## Working with Transformers in the HuggingFace Ecosystem

In this laboratory exercise we will learn how to work with the HuggingFace ecosystem to adapt models to new tasks. As you will see, much of what is required is *investigation* into the inner-workings of the HuggingFace abstractions. With a little work, a little trial-and-error, it is fairly easy to get a working adaptation pipeline up and running.

### Exercise 1: Sentiment Analysis (warm up)

In this first exercise we will start from a pre-trained BERT transformer and build up a model able to perform text sentiment analysis. Transformers are complex beasts, so we will build up our pipeline in several explorative and incremental steps.

#### Exercise 1.1: Dataset Splits and Pre-trained model
There are a many sentiment analysis datasets, but we will use one of the smallest ones available: the [Cornell Rotten Tomatoes movie review dataset](cornell-movie-review-data/rotten_tomatoes), which consists of 5,331 positive and 5,331 negative processed sentences from the Rotten Tomatoes movie reviews.

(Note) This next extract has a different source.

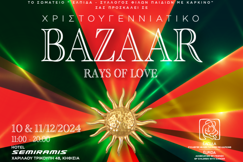 Για μια ακόμα χρονιά, το Σωματείο «ΕΛΠΙΔΑ -Σύλλογος Φίλων Παιδιών με καρκίνο», διοργανώνει το πιο χριστουγεννιάτικο Bazaar της πόλης! Την Τρίτη 10 και την Τετάρτη 11 Δεκεμβρίου 2024 στο ξενοδοχείο «SEMIRAMIS» στο Κεφαλάρι από τις 11 το πρωί μέχρι τις 8 το βράδυ ανοίγουμε την αγκαλιά μας και στηρίζουμε τα παιδιά με καρκίνο και τις οικογένειές τους.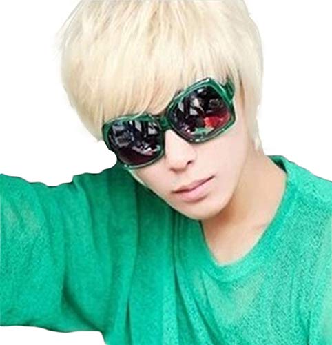 (ハッピーココ)happykoko メンズ ウィッグ ウイッグ ネット 付き かつら ショート 短髪 ストレート 耐熱 男装 (ゴールド/金髪)

**Your first task**: Load the dataset and figure out what splits are available and how to get them. Spend some time exploring the dataset to see how it is organized. Note that we will be using the [HuggingFace Datasets](https://huggingface.co/docs/datasets/en/index) library for downloading, accessing, splitting, and batching data for training and evaluation.

## **Import**

In [None]:
# Import standard libraries
import numpy as np
from sklearn.svm import SVC
from sklearn.metrics import accuracy_score

#import models
from transformers import AutoTokenizer, AutoModel
from transformers import pipeline

# Import PyTorch
import torch

#import Datasets
from datasets import load_dataset


### ***Further settings***

In [2]:
# Set device (GPU if available)
device = torch.device("cuda" if torch.cuda.is_available() else "cpu")

# fix random seed for reproducibility
torch.manual_seed(808)

<torch._C.Generator at 0x2121ce5f5f0>

### **Load the dataset and split checking**

In [3]:

# Load the dataset from HuggingFace
dataset = load_dataset("rotten_tomatoes")
dataset_id = "cornell-movie-review-data/rotten_tomatoes"
ds_train = load_dataset(dataset_id, split="train")
ds_test = load_dataset(dataset_id, split="test")
ds_validation = load_dataset(dataset_id, split="validation")

# available splits
print("Available splits:", dataset.keys())
print(f"Labels in the dataset: {np.unique(ds_train['label'])}")


for split_name, split_data in dataset.items():
    print(f"{split_name}: {len(split_data)} examples")

    # some rows from the training set
print("\nExamples from the training set:")
print(dataset["train"][0])   # first example
print(dataset["train"][4])   # second example



Available splits: dict_keys(['train', 'validation', 'test'])
Labels in the dataset: [0 1]
train: 8530 examples
validation: 1066 examples
test: 1066 examples

Examples from the training set:
{'text': 'the rock is destined to be the 21st century\'s new " conan " and that he\'s going to make a splash even greater than arnold schwarzenegger , jean-claud van damme or steven segal .', 'label': 1}
{'text': "emerges as something rare , an issue movie that's so honest and keenly observed that it doesn't feel like one .", 'label': 1}


#### Exercise 1.2: A Pre-trained BERT and Tokenizer

The model we will use is a *very* small BERT transformer called [Distilbert](https://huggingface.co/distilbert/distilbert-base-uncased) this model was trained (using self-supervised learning) on the same corpus as BERT but using the full BERT base model as a *teacher*.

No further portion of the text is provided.